▶ **What to do**: Give the data below again exactly, and drop each picture from it.

+++ Given data +++

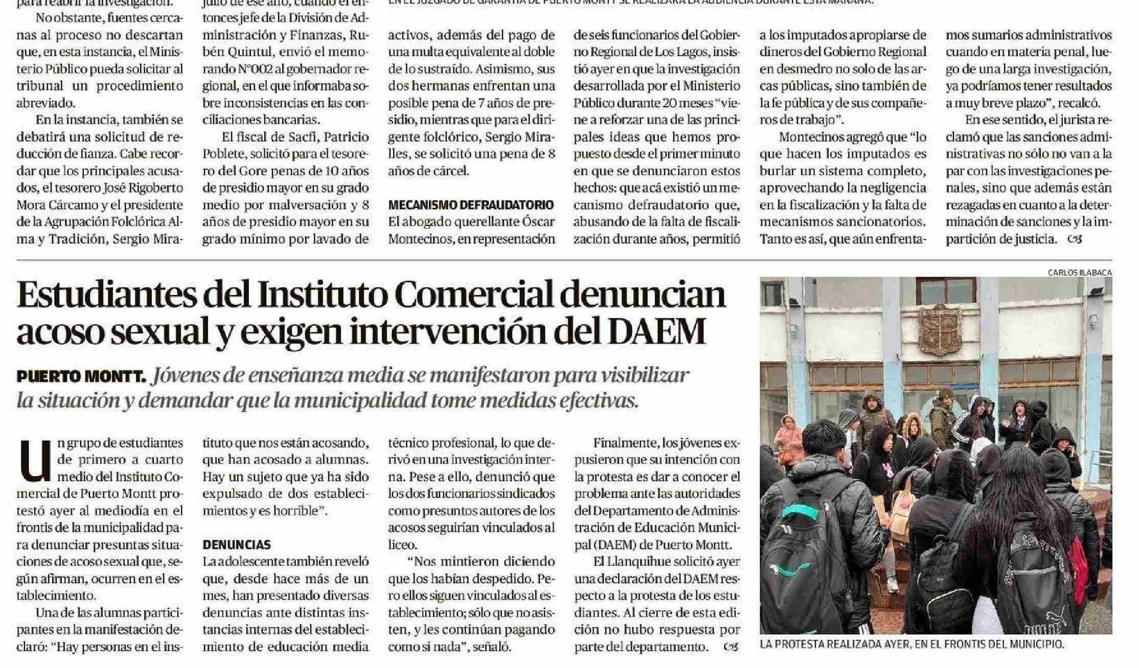 Estudiantes del Instituto Comercial denuncian acoso sexual y exigen intervención del DAEM 04-06-2025 El Llanquihue |
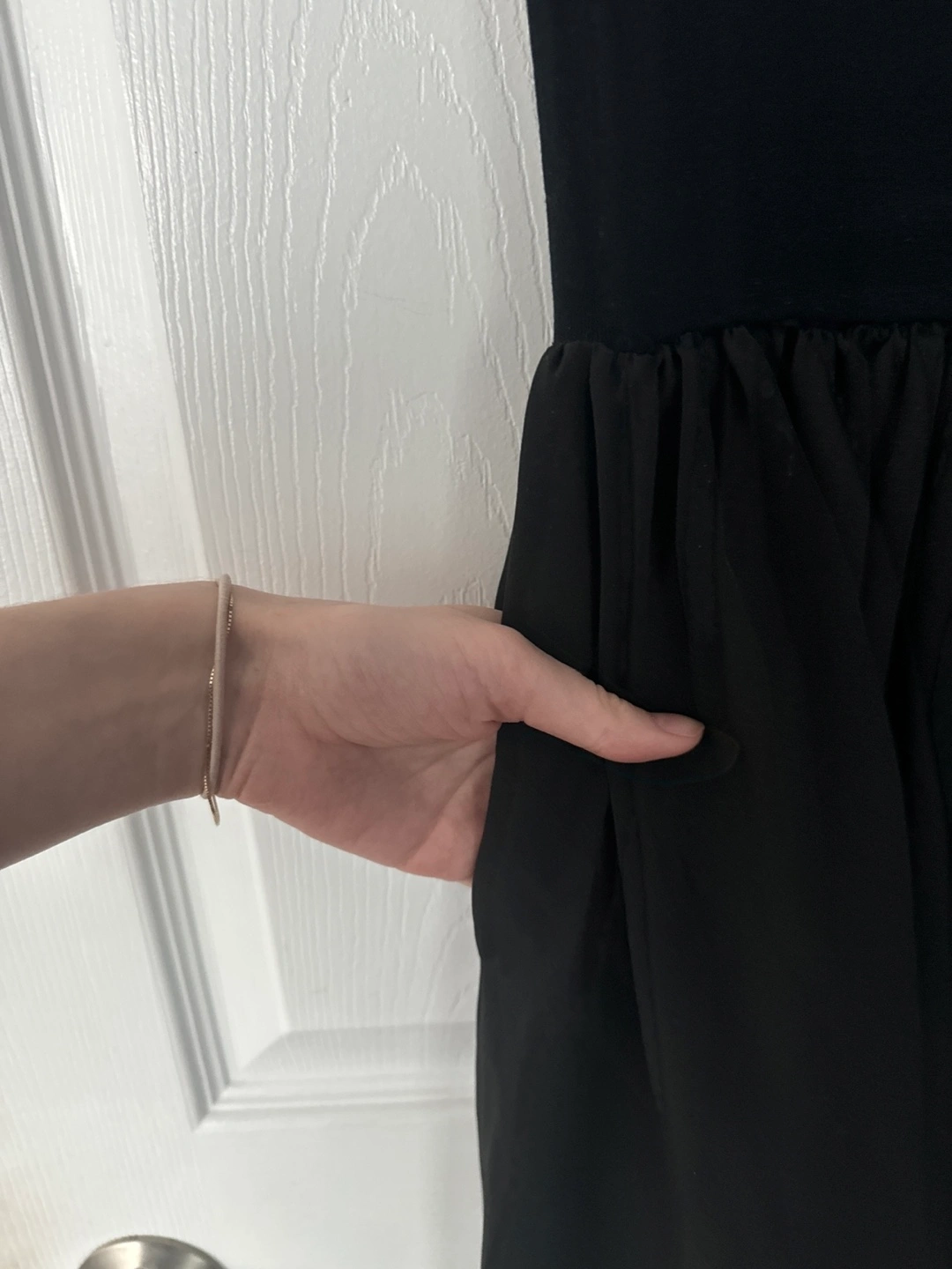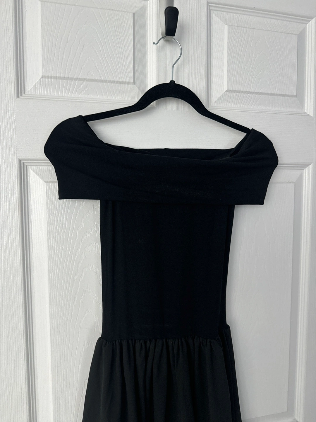 Elegant black maxi dress. iβm 5β6 for me it hits right above the ankle. Features off-the-shoulder neckline and a flowy skirt. Has pockets. Perfect for special occasions.
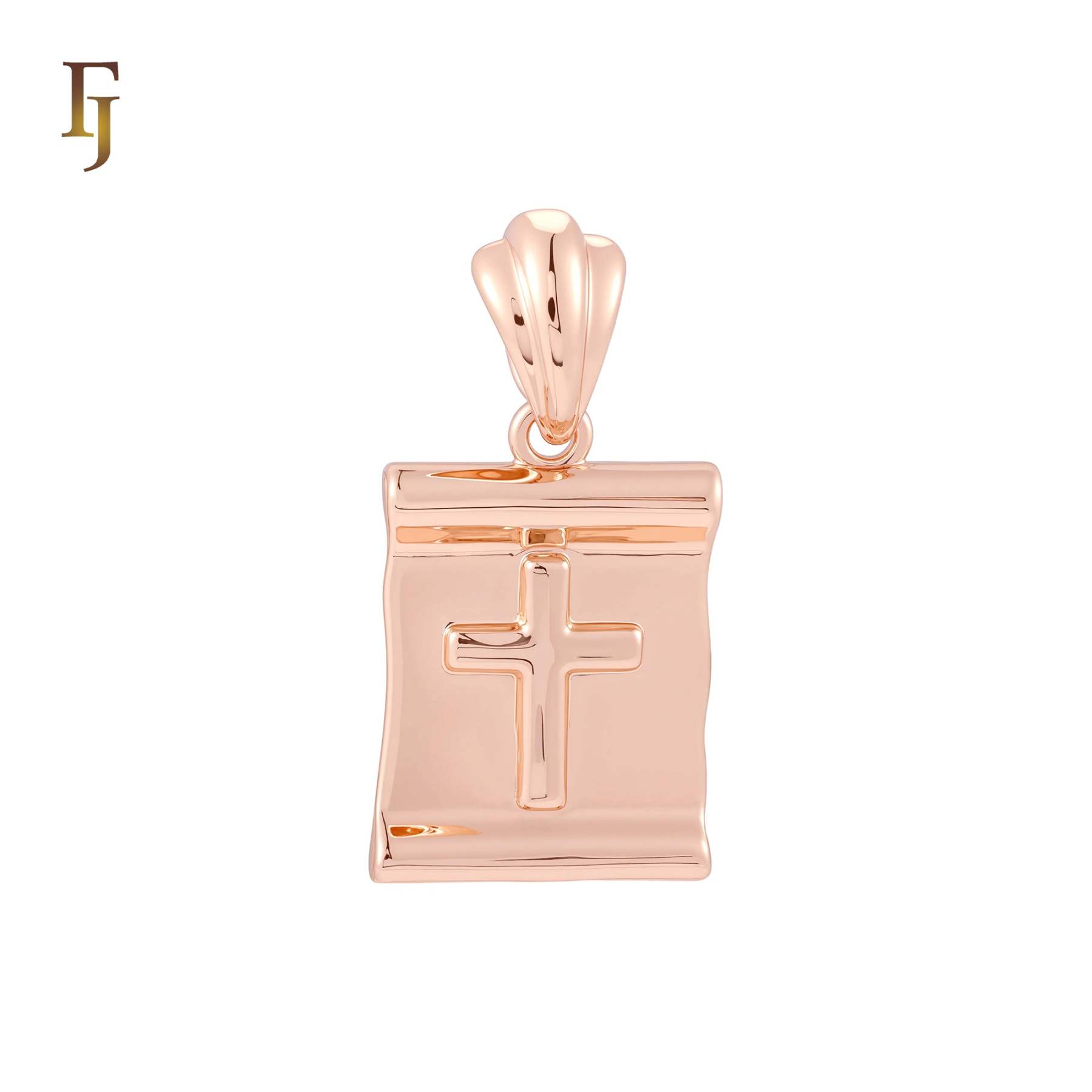 Scroll Reel of Latin Cross Rose Gold Religious Pendant

+++

▶ **The answer**:
 Estudiantes del Instituto Comercial denuncian acoso sexual y exigen intervención del DAEM 04-06-2025 El Llanquihue |
 Elegant black maxi dress. iβm 5β6 for me it hits right above the ankle. Features off-the-shoulder neckline and a flowy skirt. Has pockets. Perfect for special occasions.
 Scroll Reel of Latin Cross Rose Gold Religious Pendant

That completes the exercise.